Pictures stay out, but every line of the data is copied exactly.
[INPUT FOR THIS TASK]
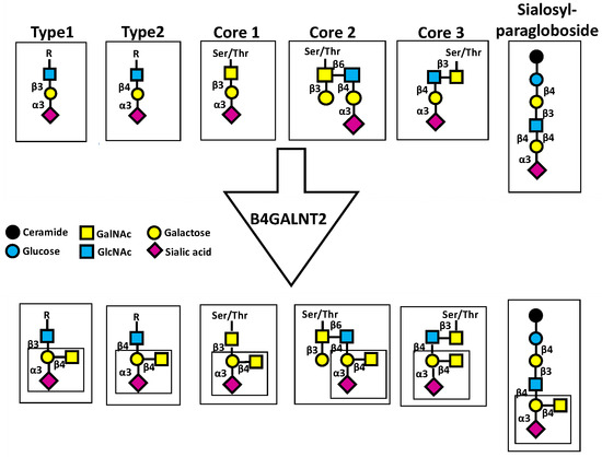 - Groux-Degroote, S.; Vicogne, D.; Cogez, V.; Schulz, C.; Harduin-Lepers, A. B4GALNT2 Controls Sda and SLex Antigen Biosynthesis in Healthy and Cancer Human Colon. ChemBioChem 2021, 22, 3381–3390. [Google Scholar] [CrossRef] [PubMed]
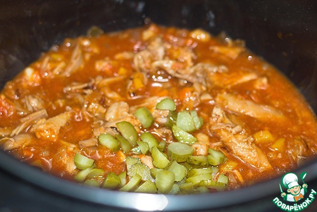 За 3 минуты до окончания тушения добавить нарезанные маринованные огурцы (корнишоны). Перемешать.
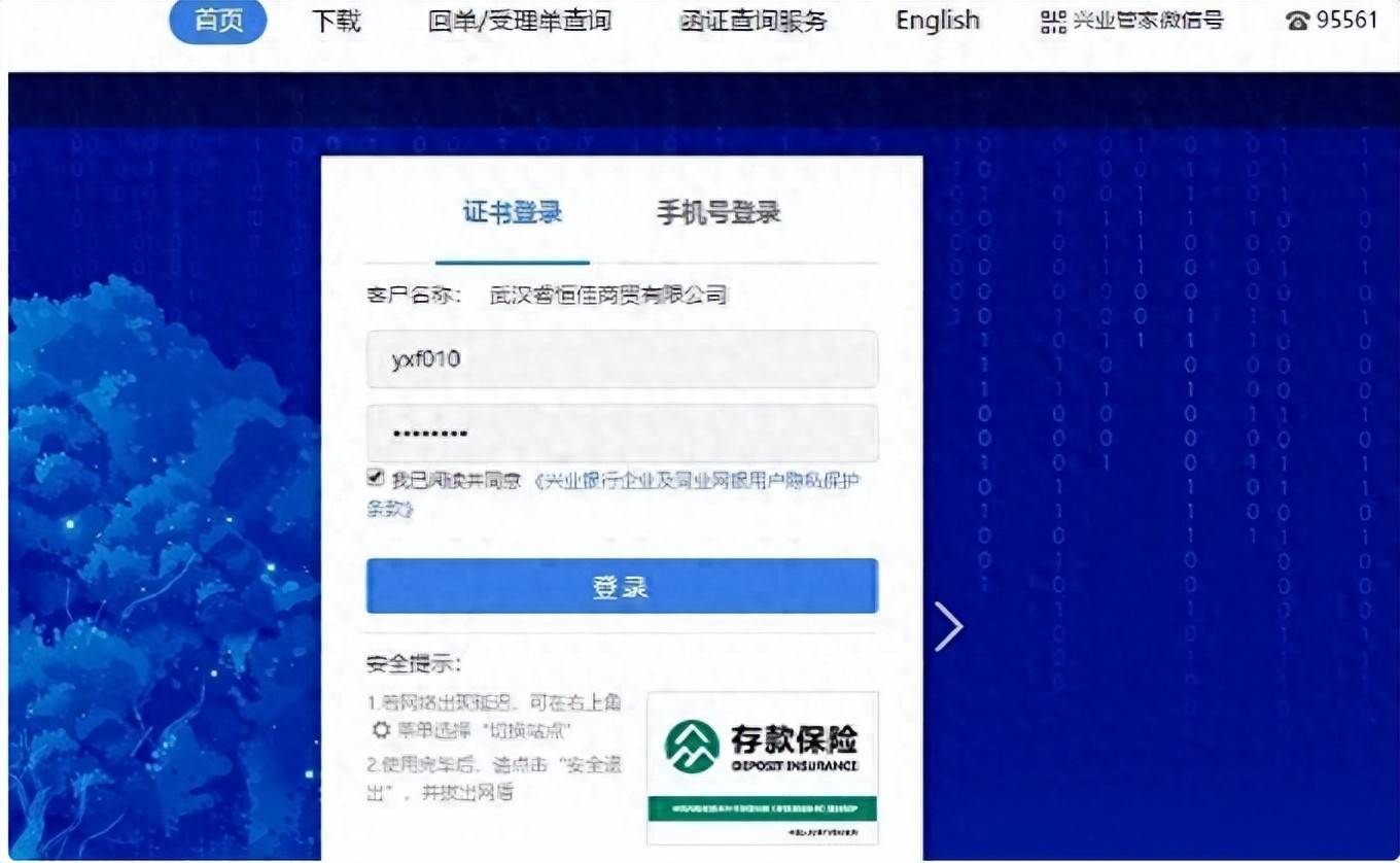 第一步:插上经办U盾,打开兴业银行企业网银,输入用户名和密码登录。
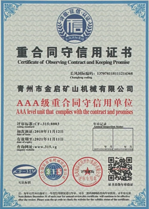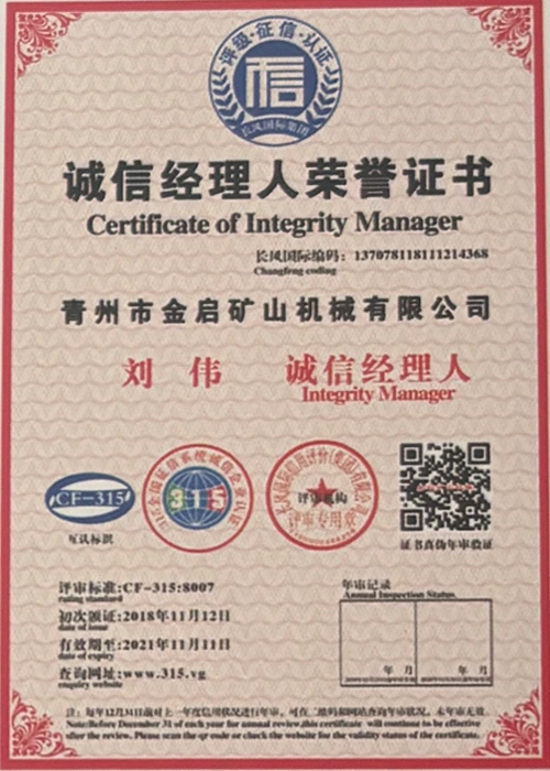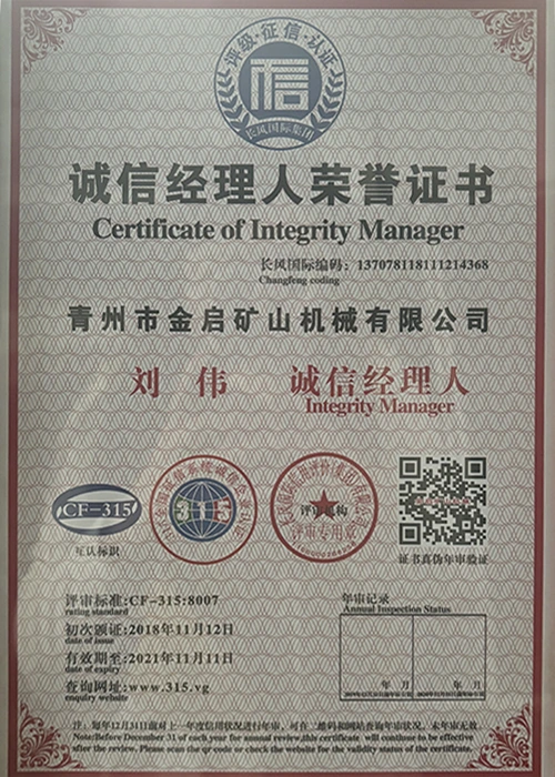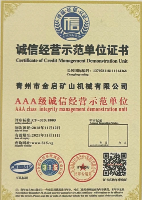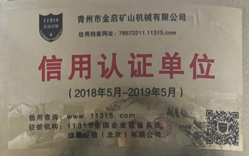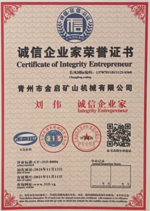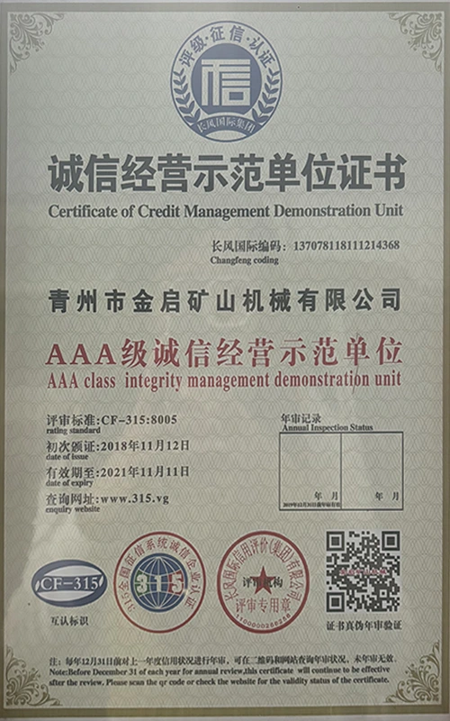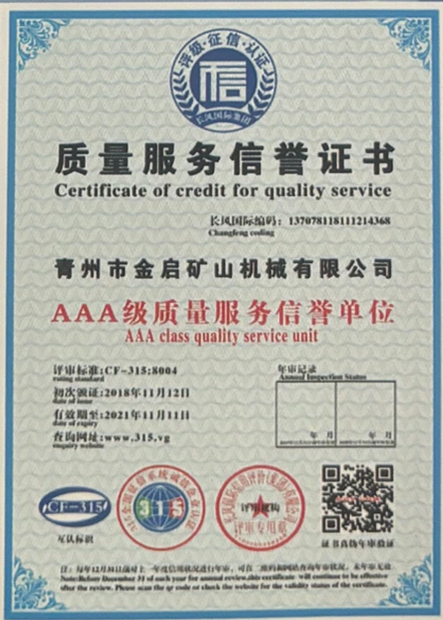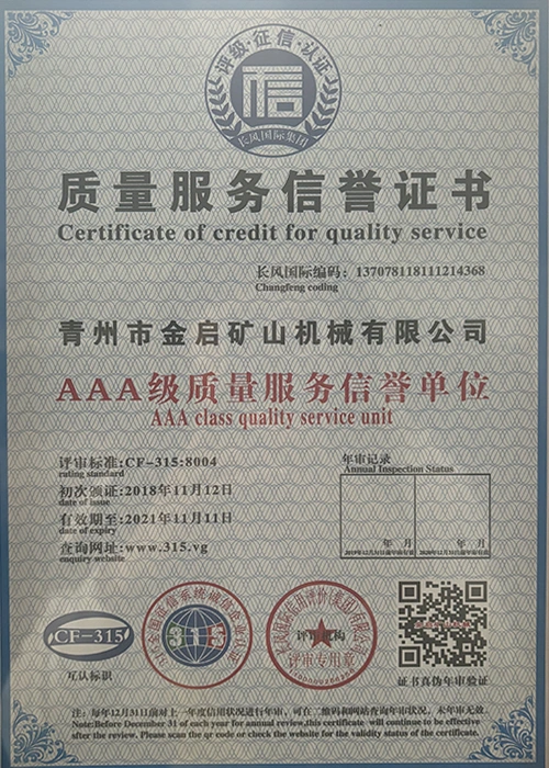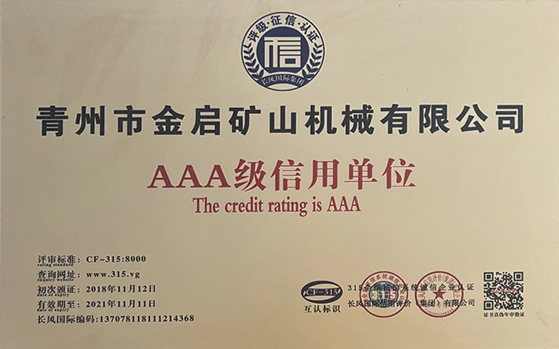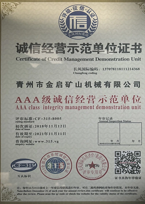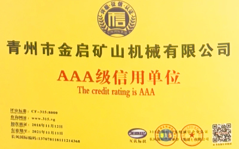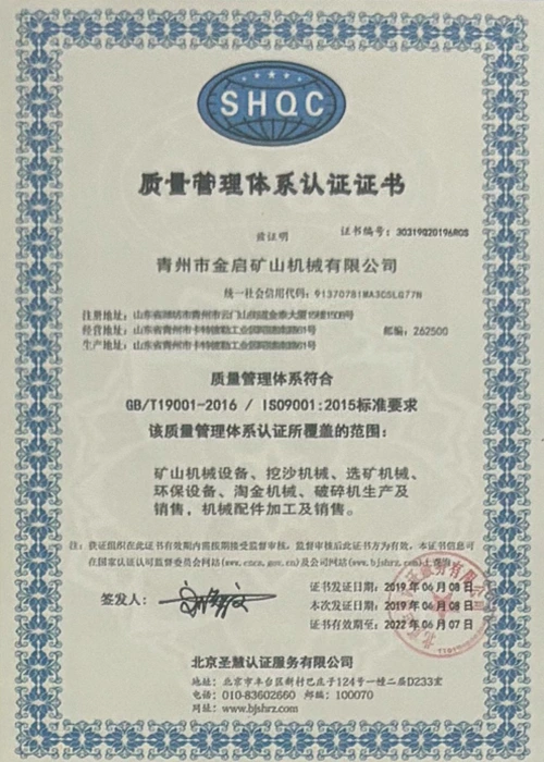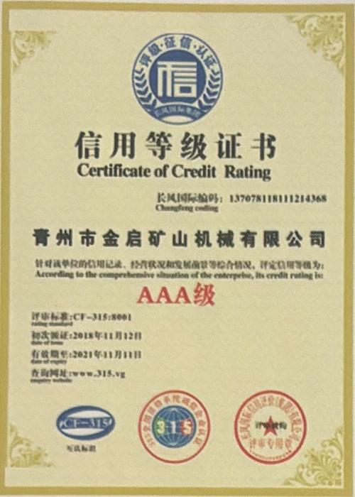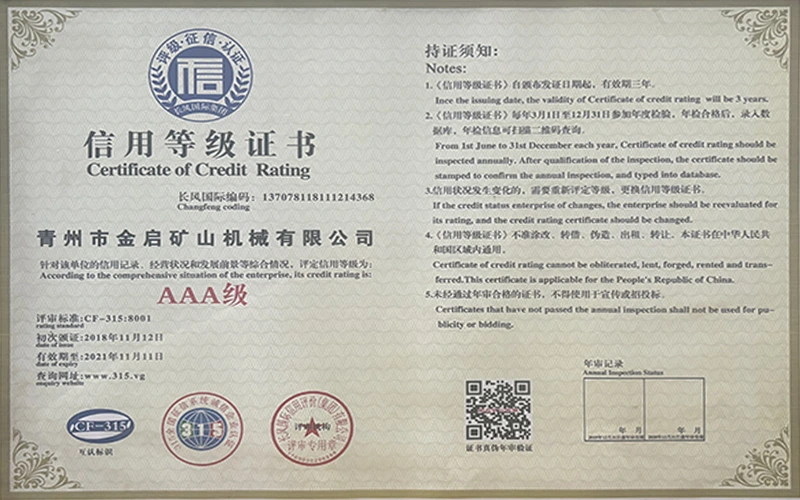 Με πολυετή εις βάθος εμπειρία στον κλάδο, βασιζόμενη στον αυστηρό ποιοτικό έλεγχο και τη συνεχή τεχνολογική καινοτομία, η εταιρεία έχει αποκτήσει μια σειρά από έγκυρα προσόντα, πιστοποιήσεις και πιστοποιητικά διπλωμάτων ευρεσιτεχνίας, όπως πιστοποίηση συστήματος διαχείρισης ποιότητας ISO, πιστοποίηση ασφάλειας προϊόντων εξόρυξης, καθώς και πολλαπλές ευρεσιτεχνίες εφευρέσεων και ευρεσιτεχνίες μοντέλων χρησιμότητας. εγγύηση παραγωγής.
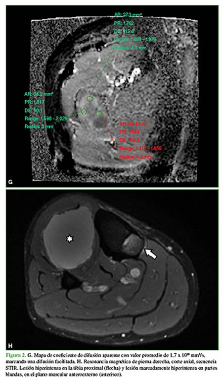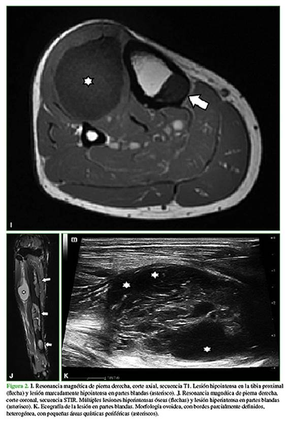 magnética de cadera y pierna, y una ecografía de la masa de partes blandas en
[/INPUT FOR THIS TASK]
TASK SOLUTION:
 - Groux-Degroote, S.; Vicogne, D.; Cogez, V.; Schulz, C.; Harduin-Lepers, A. B4GALNT2 Controls Sda and SLex Antigen Biosynthesis in Healthy and Cancer Human Colon. ChemBioChem 2021, 22, 3381–3390. [Google Scholar] [CrossRef] [PubMed]
 За 3 минуты до окончания тушения добавить нарезанные маринованные огурцы (корнишоны). Перемешать.
 第一步:插上经办U盾,打开兴业银行企业网银,输入用户名和密码登录。
 Με πολυετή εις βάθος εμπειρία στον κλάδο, βασιζόμενη στον αυστηρό ποιοτικό έλεγχο και τη συνεχή τεχνολογική καινοτομία, η εταιρεία έχει αποκτήσει μια σειρά από έγκυρα προσόντα, πιστοποιήσεις και πιστοποιητικά διπλωμάτων ευρεσιτεχνίας, όπως πιστοποίηση συστήματος διαχείρισης ποιότητας ISO, πιστοποίηση ασφάλειας προϊόντων εξόρυξης, καθώς και πολλαπλές ευρεσιτεχνίες εφευρέσεων και ευρεσιτεχνίες μοντέλων χρησιμότητας. εγγύηση παραγωγής.
 magnética de cadera y pierna, y una ecografía de la masa de partes blandas en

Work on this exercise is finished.